RH is our top long idea in Retail by a country mile, and we remain convinced that the company will see earnings grow from $1.71 last year to near $11.00 in five years time. If we’re right on that earnings number, which we think we are, we think that this is ultimately a $200 stock. We don’t think this is just a square footage growth story (which is impressive in its own right), but rather one of the biggest market share stories in retail today. In effect, we think that RH is doing to the high-end home furnishings space what Ralph Lauren did to apparel on 1980. The parallels are staggering. For more details on the long term opportunity, check out our latest Black Book.
Looking more near-term, we feel really good about RH heading into the 6/11 print. Demand remains strong, the Sourcebook appears to be well executed, the May/June store openings are on track (Greenwich/NYC), the company’s on-line business appears to be tracking quite well, and EPS expectations for the quarter appear very doable (we’re at $0.16 vs the Street at $0.11).
Given our comfort level around the print and the year, at this point we’re hyperfocused on one thing…where can we be wrong?
Here are some factors that we think about as it relates to the print and guidance. To be clear, after vetting these factors we still come out positive. But let’s lay it all on the table such that there are as few surprises as possible.
- Buying shallow. When the company launches a Sourcebook, it usually does so with a redesigned product line, which is exactly what it did with its goliath 16-lb book that was distributed to customers via UPS from mid-May through early-June. But given the ever-growing breadth of RH’s product line – the company has a tendency to go very shallow with inventory around the book. The strategy is simple…let consumers tell you over the course of 2-3 months which items they like the best, and then go very heavy on inventory for those items in the subsequent three quarters. But that could mean lighter guidance on revenue in the upcoming quarter. For the year, it is a strategy that clearly maximizes gross profit dollars and ROIC. But there could be a shift between 2Q and 3Q.
- Deferred Revenue. The RH-haters out there love to talk about the company’s deferred revenue as customers wait 10-weeks or more for custom items (keeping in mind that RH does not get paid until the customer takes delivery). In 2Q14 we could see an uptick in deferred revenue around non-custom items due to the strategy around buying shallow that we outlined in point #1. It could provide ammo for those RH bears who want to poke holes in the company’s revenue recognition. We’re not worried about the economic reality -- -but just the perception based on how some people will take it.
- Margin Weakness. With any new assortment, margins will usually be lower given that the company will not have hit its own costing hurdles to lower its COGS on high volume. The margins will be better on the product 3-4 quarters out when RH focuses its inventory spend on key items and gets additional volume discounts. Initially, it will be buying some items that might not be as popular as it otherwise planned. That leads us to think that there’s the potential for a margin ramp throughout the year – though they could potentially be lighter this quarter.
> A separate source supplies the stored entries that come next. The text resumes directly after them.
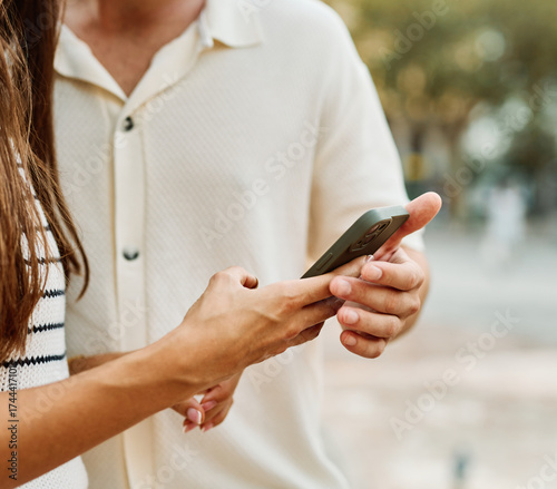 Couple enjoys a sunny day walking together in a charming urban area during late afternoon or tourists visiting a destination looking at phone map app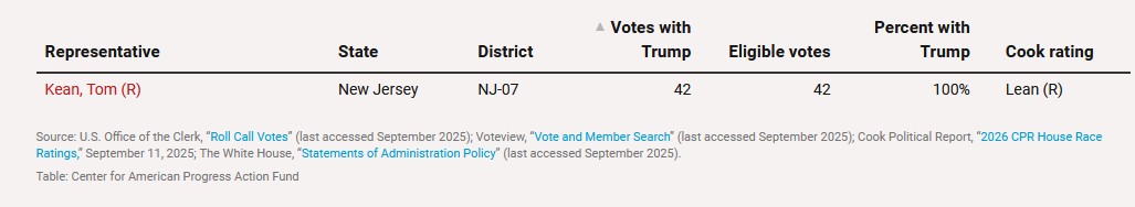 Tom Kean ran as a politician who works across the aisle. But so far, Kean has voted for Trump's agenda 100% of the time, based on information compiled by the Center for American Progress.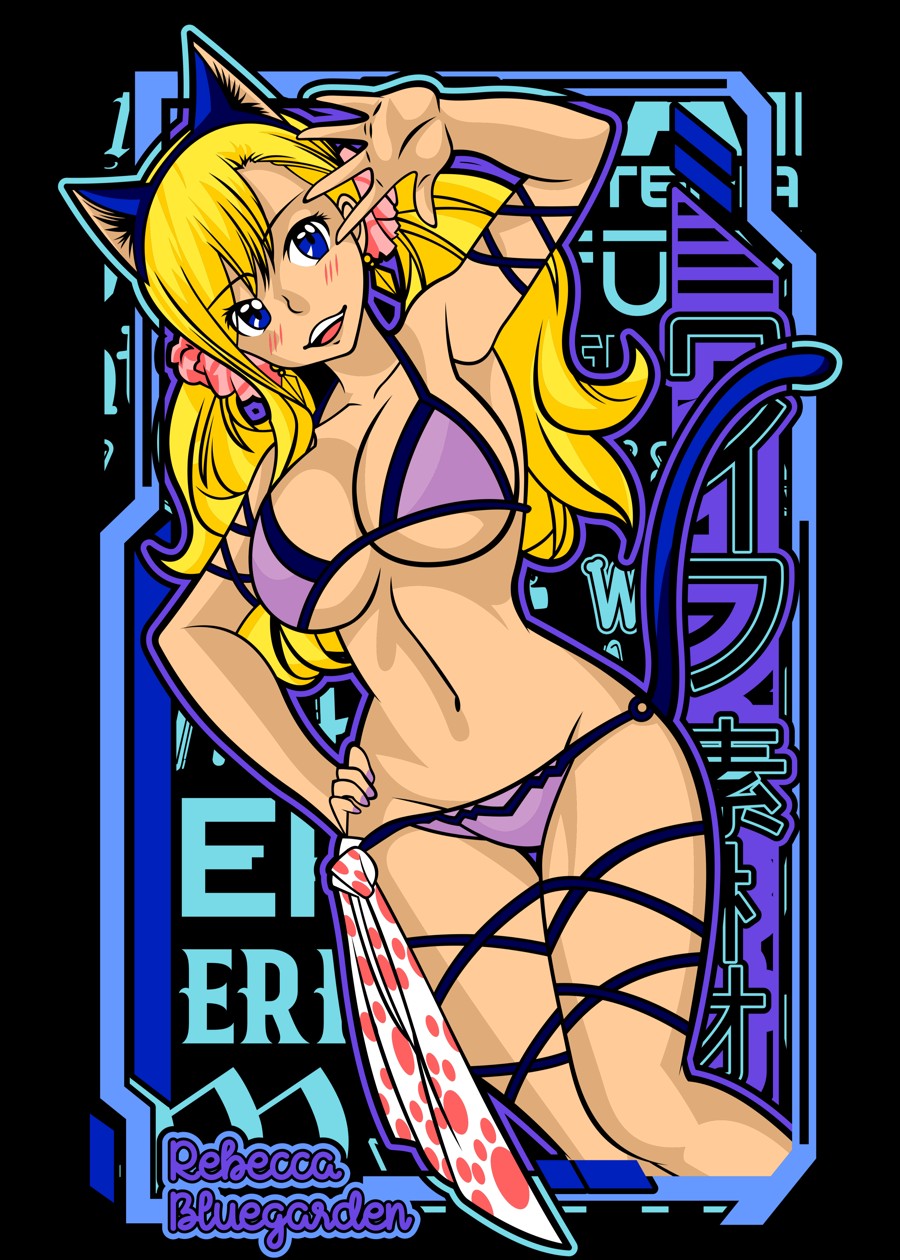 Rebecca Bluegarden in a purple bikini and cat ears, striking a cute pose in tropical style.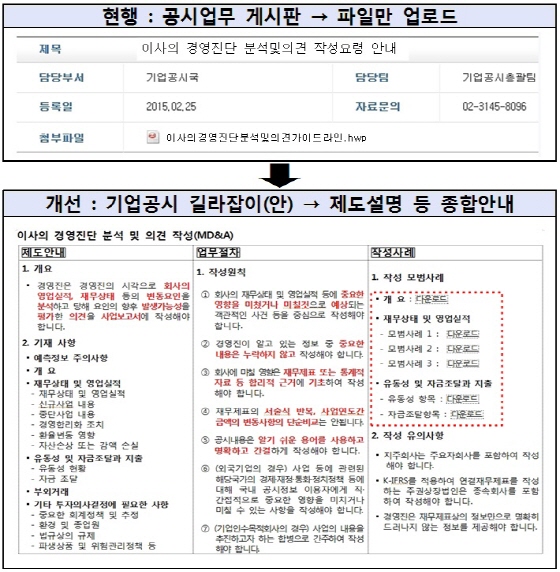 또한 기존 금감원 홈페이지, DART 게시판 등에 산재된 공시업무 자료를 한곳에 모아 이용자가 쉽게 검색할 수 있도록 편성한다.

- Dead Rent. RH is officially in growth mode. It opened the Greenwich store successfully in May, and will open the FlatIron store in NYC in a few weeks. Then there’s Atlanta and Chicago in 2H followed by a meaningful acceleration in 2015. It takes between 6-12 months to complete a store. The bigger the store, the more time it will take. And make no mistake, the stores are getting bigger. While the company is overseeing construction, it is paying rent – and a lot of it. It’s known as Dead Rent, and it has never been a part of the RH equation as it has been in store shrinking mode. But there will be a meaningful ramp in rent over the next 12-18 months, and we’ll see some of it this quarter. The company is getting great deals, which helps. For example, the Greenwich store just opened up at $1.1mm in annual rent. That seems like a lot, but it is replacing a store up the street that is 1/3 the size where they pay $1mm in rent. That’s only $100k extra for about 15,000 extra square feet. The ROI is astounding. But as it relates to quarterly occupancy costs, there is clearly some overlap. We think we’re accounting for all this correctly. But it is an area where we could be wrong on the near-term earnings flow.
- Flatiron Comp. The store that is ‘opening’ in the Flatiron district is really not opening at all. It’s a renovation of the most profitable store in the fleet. As this store opens up with an extra 13,000 square feet attached to it (on a base of 9,000), it’ll be yanked out of the comp base for 14 months. Sales will still be recorded, of course, and will show up on the top and bottom line. But the reported ‘brand comp’ will not include this store. That has the potential to cause some confusion in comp guidance.
- Amortization of Sourcebook Costs. The company amortizes its Source Book costs on a 12 month time period over the expected ramp in revenue of the book. This is a meaningful number – our best estimate is that it’s about $50mm this year, or about $0.75 per share (not disclosed). That dwarfs the ‘Dead Rent’ costs. The ROI on this book remains extremely high. But any change in accounting – from a curve to straight-line, or even to a longer duration than 12 months – would muddy the numbers. Karen Boone (CFO) is borderline religious about this accounting, so we’d be floored to see any change. But if there was, it would certainly be outside the realm of things we’re expecting.